## Synthetic Data Generation for the Use Case 🍭

In [None]:
import pandas as pd
import numpy as np
import random


In [None]:
# Define regions with varying consumption patterns (simplified)
regions = {
    "Marmara": {"base_consumption": 12000, "holiday_multiplier": 1.8},  # High consumption, significant holiday increase
    "Aegean": {"base_consumption": 8000, "holiday_multiplier": 1.5},   # Moderate consumption, moderate holiday increase
    "Mediterranean": {"base_consumption": 10000, "holiday_multiplier": 1.6},  # Moderate consumption, moderate holiday increase
    "Black Sea": {"base_consumption": 7000, "holiday_multiplier": 1.4},   # Lower consumption, lower holiday increase
    "Central Anatolia": {"base_consumption": 5000, "holiday_multiplier": 1.3},  # Lower consumption, lower holiday increase
    "Eastern Anatolia": {"base_consumption": 4000, "holiday_multiplier": 1.2},  # Lowest consumption, lower holiday increase
    "Southeast Anatolia": {"base_consumption": 6000, "holiday_multiplier": 1.5}   # Moderate consumption, moderate holiday increase
}


In [None]:
# Function to generate synthetic data with regional variations
def generate_synthetic_data(num_rows=1000, years=range(2014, 2024)):
    data = []

    for _ in range(num_rows):
        # Randomly select year and region
        year = random.choice(years)
        region = random.choice(list(regions.keys()))

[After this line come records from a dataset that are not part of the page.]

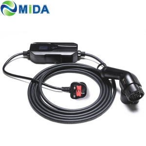 中国供应商 6A 8A 10A 2 级电动汽车充电器类型 1 转英国 3 针便携式电动汽车充电器
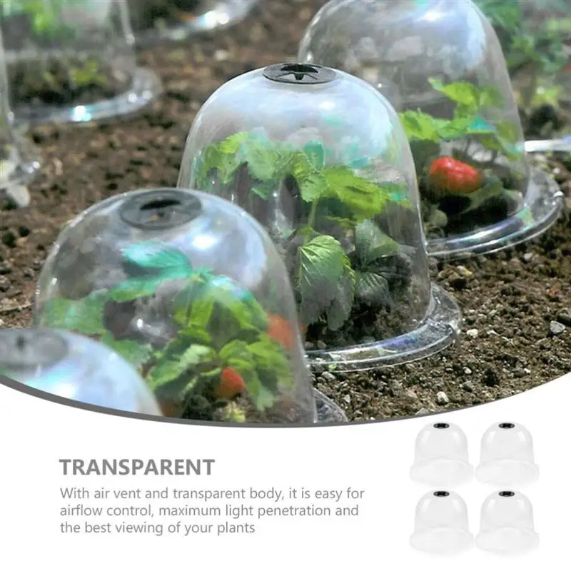 4pcs Garden Plant Dome Reusable Plant Protection Cover Transparent Seedling Insulation Cover Breathable Seedling Cover Large
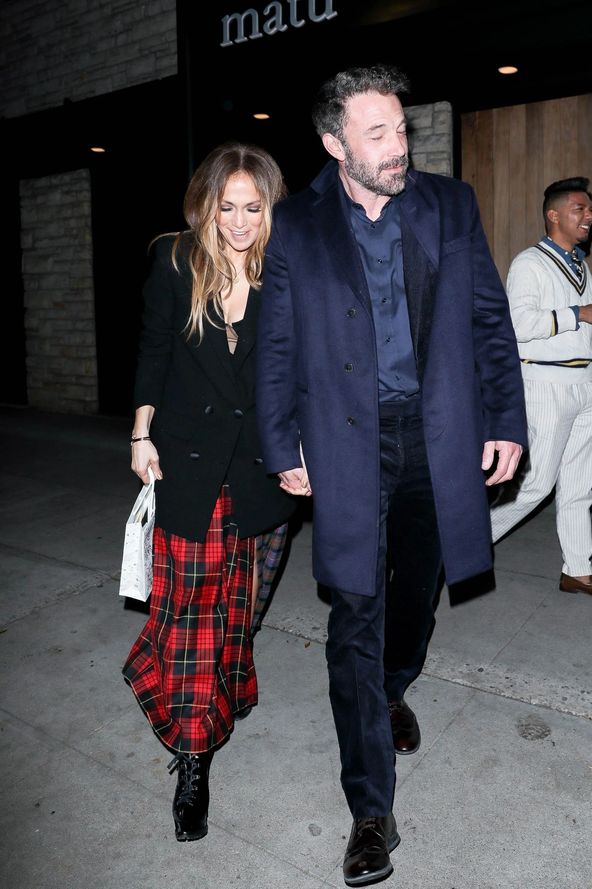 Jennifer Lopez and Ben Affleck are in good spirits after a romantic date night in Beverly Hills on January 31, 2022. The happy couple are seen hugging people goodbye as they walk towards their car to leave. (Photo by Backgrid USA)
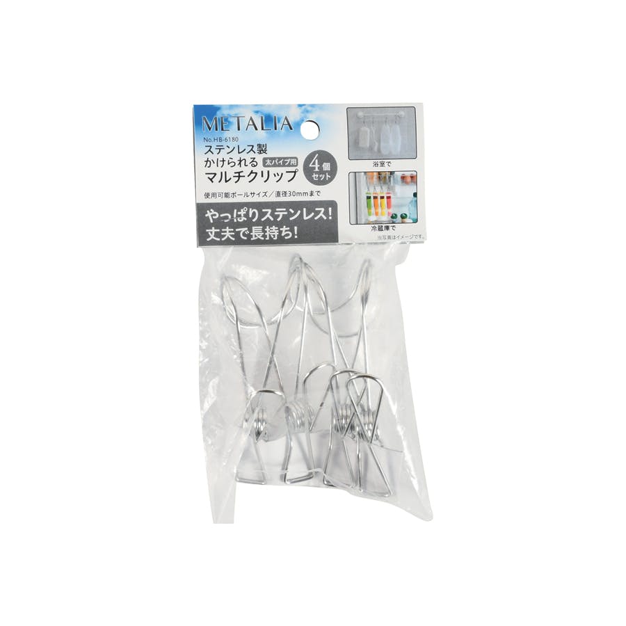 ●サイズ(W×D×H)mm…約30×60×100●材質…ステンレス鋼●入数…4個●重量(g)…約16●使用ポールサイズ/直径30mm以下●ちょっとした小物干しに。●掛けて使用できるので様々なシーンで使用できます。
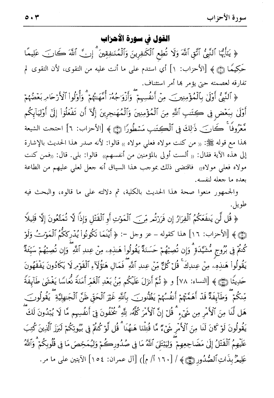 {النَّبِيُّ أَوْلى بِالْمُؤْمِنِينَ مِنْ أَنْفُسِهِمْ وَأَزْواجُهُ أُمَّهاتُهُمْ وَأُولُوا الْأَرْحامِ بَعْضُهُمْ أَوْلى بِبَعْضٍ فِي كِتابِ اللهِ مِنَ الْمُؤْمِنِينَ وَالْمُهاجِرِينَ إِلاّ أَنْ تَفْعَلُوا إِلى أَوْلِيائِكُمْ مَعْرُوفاً كانَ ذلِكَ فِي الْكِتابِ مَسْطُوراً} (6) [الأحزاب: 6] احتجت الشيعة بهذا مع قوله صلّى الله عليه وسلّم: «من كنت مولاه فعلي مولاه» قالوا: لأنه صدر هذا الحديث بالإشارة إلى هذه الآية فقال: «ألست أولى بالمؤمنين من أنفسهم» قالوا: بلى. قال: «فمن كنت مولاه فعلي مولاه» فاقتضى ذلك بموجب هذا السياق أنه جعل لعلي عليهم من الطاعة بعده ما جعله لنفسه.
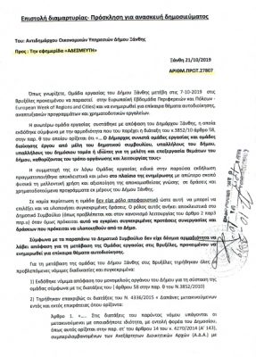 Σας καλούμε εντός τριών (3) ημερών από τη λήψη της παρούσας επιστολής να ανασκευάσετε το δημοσίευμα αναφορικά με τη μετάβαση της ομάδας εργασίας του Δήμου Ξάνθης στις Βρυξέλες στις 7-10-2019, αναφέροντας συγκεκριμένα ότι αυτή πραγματοποιήθηκε στο πλαίσιο της Ευρωπαϊκής Εβδομάδας Περιφερειών και Πόλεων- European Week of Regions and Cities), προκειμένου να ενημερωθεί για επίκαιρα θέματα αυτοδιοίκησης, αναπτυξιακών προγραμμάτων και χρηματοδοτικών εργαλείων και ότι η μετάβαση αυτή έγινε νομότυπα με απόφαση και έγκριση της Οικονομικής Επιτροπής του Δήμου Ξάνθης.
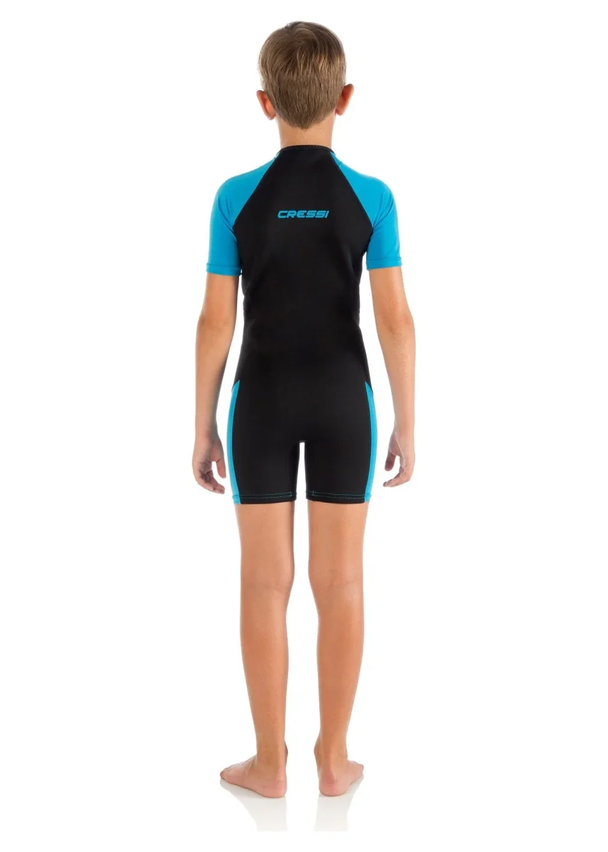La muta Cressi little shark garantisce una buona protezione, sia da asciutta sia da bagnata, contro sole, vento e freddo. La cerniera frontale consente di metterla e toglierla in modo comodo e veloce e riduce al minimo l’ingresso d’acqua.
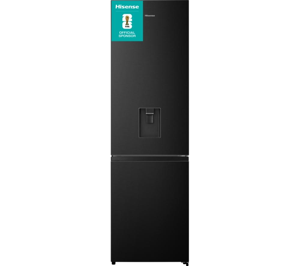 The non-plumbed water dispenser on this Hisense fridge freezer gives you perfectly chilled water at the push of a button - great for after a workout or just to go with dinner. Expecting guests? The wine rack can hold up to 5 bottles and stops them rolling around the shelves. The Fresh Box keeps your food fresh for longer and lets you control the humidity based on what's in it. Now there's no excuse for not getting your 5-a-day!Good to know- The doors are reversible so you can swap them around to suit your kitchen layout- Total No Frost technology evenly distributes cold air inside and prevents ice and water build-up- The LED display and temperature controls make it easy to control your fridge freezer- A soft LED light inside the fridge lets you see everything clearly - it's more energy efficient than standard fridge bulbs too_PLEASE NOTE:Use in outbuildings: This refrigerator is not designed to be used in an outbuilding - both your food and the appliance can be damaged. Do not use it in any unheated area.Reversible door hinges: This appliance has a reversible door. Please consult a qualified installer, such as one of our Tech Experts, to carry out door reversal - select the door reversal service when you add this product to the basket.
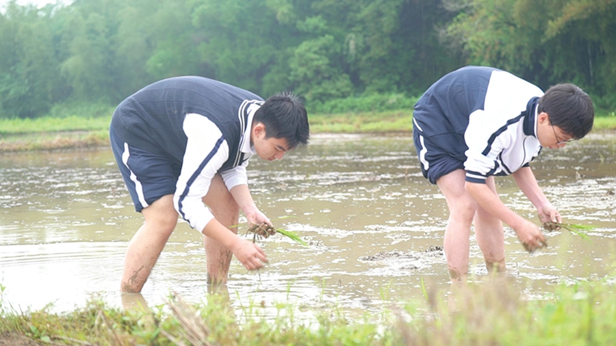 當(dāng)天,同學(xué)們紛紛卷起褲腿,踩入水田,體驗(yàn)水稻插秧勞動(dòng)。“在學(xué)習(xí)的過程中,我們深刻體會(huì)到鄉(xiāng)村振興的重要性以及勞作的辛苦,也更加明白了勞動(dòng)最光榮的道理,收獲很多!睂W(xué)生胡嚴(yán)文說。
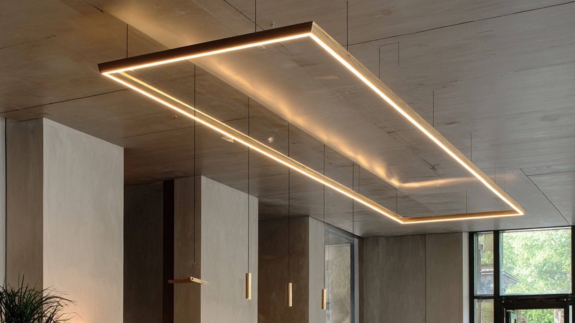 AURA is a decorative pendant light from the MOONLIGHT series, designed based on rectangular and square geometric shapes. This model offers various options, from individual lights to linear systems, tailored to different needs and spaces. The housing is made of extruded aluminum, while the light sources are high-power LED PCB boards with an efficiency of 160 lm/W. The diffuser is opal with UV protection and a light distribution angle of 120°, preventing dark spots and ensuring even illumination. AURA provides ambient lighting that integrates seamlessly into any interior while also serving as a decorative and sculptural element. Installation is straightforward with holders, cables, or surface-mounted brackets, and it is ideal for living rooms, dining areas, offices, meeting rooms, foyers, lobbies, receptions, restaurants, and cafeterias.
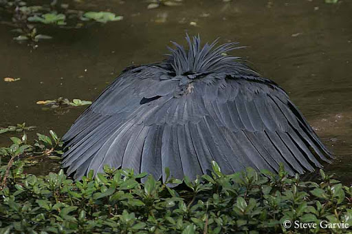 위 사진을 보면 우산이 엎어져 있는 듯한 형체가 보입니다. 언뜻 보면 절대 새라고 생각할 수 없는 이 형체의 정체는 바로 아프리카 왜가리의 일종인 검은해오라기(Egretta ardesiaca)입니다.

        # Generate features
        holiday_promotion = random.choice([0, 1])  # 1 means promotion, 0 means no promotion
        population = random.randint(1000000, 15000000)  # Random population size
        income_level = random.randint(1500, 25000)  # Random income level (in Turkish Lira)
        bakery_count = random.randint(100, 5000)  # Random number of bakeries

        # Calculate base consumption for the region
        base_consumption = regions[region]["base_consumption"]

        # Adjust consumption based on holiday season and promotions
        if holiday_promotion:
            base_consumption *= 1.1  # 10% increase during promotions
        
        # Determine holiday season (simplified)
        if year % 2 == 0:  # Alternate years for stronger holiday impact
            holiday_season = 1
        else:
            holiday_season = 0

        # Calculate consumption with regional and holiday factors
        consumption = base_consumption * regions[region]["holiday_multiplier"] ** holiday_season 

        # Add random noise to simulate real-world fluctuations
        consumption += np.random.normal(loc=0, scale=consumption * 0.1)  # 10% standard deviation

        # Append the generated row
        data.append([region, holiday_promotion, population, income_level, bakery_count, consumption, year, holiday_season])

    # Create DataFrame
    df = pd.DataFrame(data, columns=["Region", "Holiday_Promotion", "Population", "Income_Level", "Bakery_Count", "Demand", "Year", "Holiday_Season"])

    return df

In [None]:
# Generate and save the data
df = generate_synthetic_data()
df.to_csv("synthetic_baklava_data_turkey.csv", index=False)
print(df.head())